It doesn’t matter. Not one bit. Black lives matter no
more than any other life and no lives matter very much at all in the greater
scheme of things. Everybody knew it was going to kick off last night, once the
more peaceful (if misguided) protesters had packed up and gone home. Any
sympathy you may have harboured for this largely confected affair should have
evaporated days ago with the defiling of national monuments and blatant
ignoring of safeguarding laws.
If this orchestrated violence, stirred up by domestic terrorists
like Dawn Butler, flag-wavers for anarchists and Marxists like Antifa and
the whole BLM movement hasn’t shifted your position then your position was set
in stone long ago. Hatred of the police was a proxy; a thin veil for the hatred
of white people, which was never far beneath the surface. Interestingly, in a not so curious parallel with emotions in the left versus right debate, white people, with very few exceptions, don’t
hate black people.
Rather, we fear them, because we are hard-wired for fight or
flight and even Hollywood, arguably the flakiest place on the planet, invariably
uses black actors whenever they want to portray sheer, menacing power. And somebody
has to say this: George Floyd was one scary-looking motherfucker. He also
looked pretty dumb; a dangerous combination. Tell me you wouldn’t have shit
yourself had you encountered this massive, drugged up, bovine, ugly giant in a confrontational
situation.
You can pretend to yourself all you like that it isn’t so
but it is; we white folk are scared of black people in the same way we are scared
of muslims. We might put on a brave face, but the sight of chanting blacks or
praying browns is alien to our core values and our first impulse is caution. We
are already terrified of offending certain groups by the use of those deadliest of weapons, words, but we have also to fear what they might do to us, as unlikely
as the real risk may be. Yet if you cross the road in the interest of self preservation you’re a racist.
We’re all racist now, of course. From a position just a couple
of decades ago, where colour mattered hardly at all as long as you got on and behaved
yourself and fitted in. An old friend of mine likes to joke that when his family
moved into their all-white street 30 years ago, they were the novel black
people, but now that all the other houses in the street are occupied by muslim
families (possibly all connected to the same family) he describes himself and
his wife (from Guyana and Jamaica respectively) as the only white people left.
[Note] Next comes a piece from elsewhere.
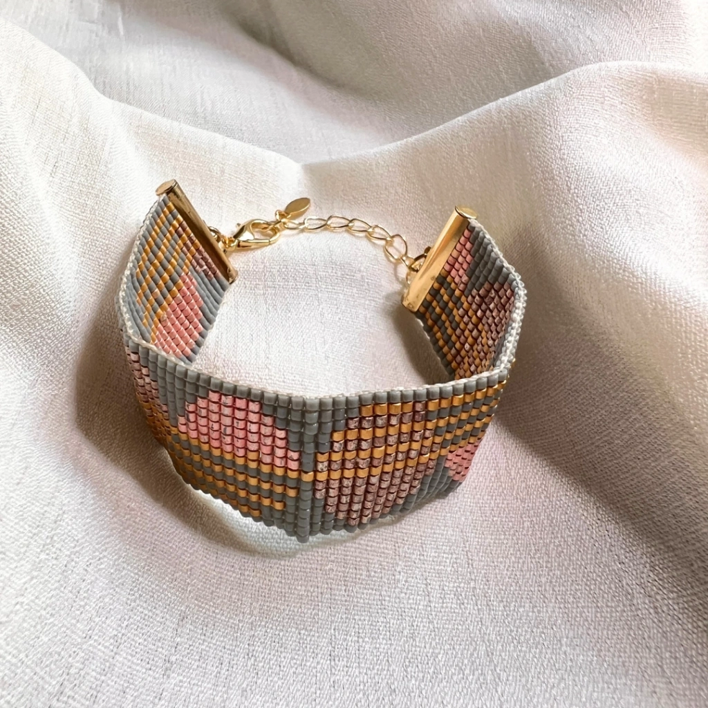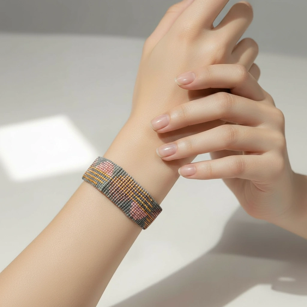 El emeğiyle titizlikle işlenmiş Miyuki boncuk bileklik, zarif ve şık tasarımıyla bileğinize renk katıyor! Yüksek kaliteli Miyuki boncukları kullanılarak elde dokunan bu bileklik, hem günlük kullanımda hem de özel günlerde stilinizi tamamlayacak harika bir aksesuar.

Anthony Joshua, that famous and gifted orator, addressed
protesters yesterday and told them to only buy from black-owned businesses from
now on. I would be interested to learn where he thinks they are going to get
all their clothes, cars, furniture and tech from in the future. What next,
separate seating in cinemas and theatres? Where on the bus does he think black
people should sit, or should there be separate buses?
We just want to open up a dialogue...
None of this makes any sense. In one of the least racist
countries on the planet, what is it all about? And I do know how this sounds but
what do these people want; what do they hope to achieve? Because as far as I
can see, this civil unrest, this flouting of the social distancing rules is
only going to serve to increase the social distance between black and white.
And I believe they already tried that in South Africa. Black lives matter? I really
don’t give a fuck.
While I do believe that all men are equal before God and the law I must confess that the present tirade of abuse we white folks are getting is starting to make me question that belief. I have never abused anyone on the basis of race or colour but I am starting to feel some want to be more equal than me and I won't tolerate that.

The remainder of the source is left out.